- Your assignment:
Among the records below, find the line with "Πρό τοῦ πέρατος" and the line with "Vintage Rhinestone Gold". Set down both and every line between, exactly and with no pictures, but nothing else.

- Source records:
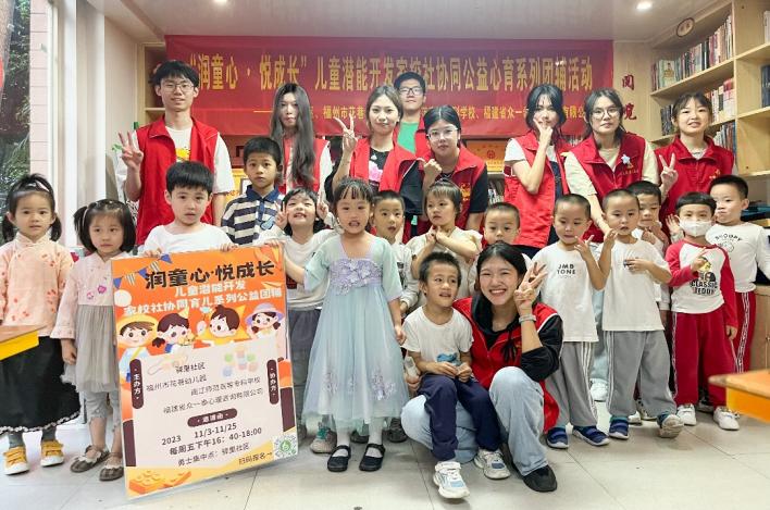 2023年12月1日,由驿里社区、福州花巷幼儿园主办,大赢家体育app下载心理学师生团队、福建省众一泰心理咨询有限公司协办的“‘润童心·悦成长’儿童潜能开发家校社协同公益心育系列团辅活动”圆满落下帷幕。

==

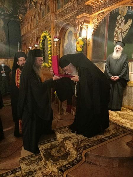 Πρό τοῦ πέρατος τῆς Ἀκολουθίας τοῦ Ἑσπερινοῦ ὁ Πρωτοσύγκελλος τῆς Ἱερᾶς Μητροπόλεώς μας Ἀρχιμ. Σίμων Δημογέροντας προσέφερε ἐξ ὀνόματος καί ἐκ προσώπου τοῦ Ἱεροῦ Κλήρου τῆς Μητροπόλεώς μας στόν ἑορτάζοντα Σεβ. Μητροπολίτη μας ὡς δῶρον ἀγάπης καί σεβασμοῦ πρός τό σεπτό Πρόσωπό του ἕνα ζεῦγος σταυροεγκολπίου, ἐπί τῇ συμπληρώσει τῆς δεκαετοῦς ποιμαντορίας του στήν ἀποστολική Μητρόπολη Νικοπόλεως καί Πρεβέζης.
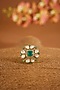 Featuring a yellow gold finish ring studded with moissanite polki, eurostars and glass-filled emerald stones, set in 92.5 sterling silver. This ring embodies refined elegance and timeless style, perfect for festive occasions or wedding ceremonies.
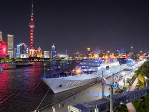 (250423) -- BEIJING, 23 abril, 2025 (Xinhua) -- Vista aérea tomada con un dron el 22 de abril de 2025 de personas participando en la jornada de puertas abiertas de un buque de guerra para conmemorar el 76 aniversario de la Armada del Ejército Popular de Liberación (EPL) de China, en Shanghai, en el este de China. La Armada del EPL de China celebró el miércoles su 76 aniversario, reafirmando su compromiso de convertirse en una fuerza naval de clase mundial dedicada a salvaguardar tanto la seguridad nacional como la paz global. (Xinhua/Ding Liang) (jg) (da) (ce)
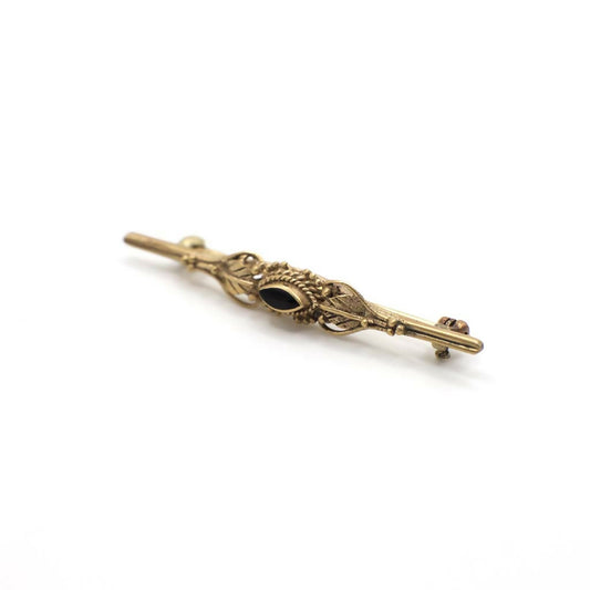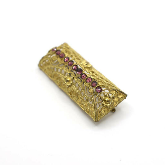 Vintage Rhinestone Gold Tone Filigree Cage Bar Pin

- Written answer:
 Πρό τοῦ πέρατος τῆς Ἀκολουθίας τοῦ Ἑσπερινοῦ ὁ Πρωτοσύγκελλος τῆς Ἱερᾶς Μητροπόλεώς μας Ἀρχιμ. Σίμων Δημογέροντας προσέφερε ἐξ ὀνόματος καί ἐκ προσώπου τοῦ Ἱεροῦ Κλήρου τῆς Μητροπόλεώς μας στόν ἑορτάζοντα Σεβ. Μητροπολίτη μας ὡς δῶρον ἀγάπης καί σεβασμοῦ πρός τό σεπτό Πρόσωπό του ἕνα ζεῦγος σταυροεγκολπίου, ἐπί τῇ συμπληρώσει τῆς δεκαετοῦς ποιμαντορίας του στήν ἀποστολική Μητρόπολη Νικοπόλεως καί Πρεβέζης.
 Featuring a yellow gold finish ring studded with moissanite polki, eurostars and glass-filled emerald stones, set in 92.5 sterling silver. This ring embodies refined elegance and timeless style, perfect for festive occasions or wedding ceremonies.
 (250423) -- BEIJING, 23 abril, 2025 (Xinhua) -- Vista aérea tomada con un dron el 22 de abril de 2025 de personas participando en la jornada de puertas abiertas de un buque de guerra para conmemorar el 76 aniversario de la Armada del Ejército Popular de Liberación (EPL) de China, en Shanghai, en el este de China. La Armada del EPL de China celebró el miércoles su 76 aniversario, reafirmando su compromiso de convertirse en una fuerza naval de clase mundial dedicada a salvaguardar tanto la seguridad nacional como la paz global. (Xinhua/Ding Liang) (jg) (da) (ce)
 Vintage Rhinestone Gold Tone Filigree Cage Bar Pin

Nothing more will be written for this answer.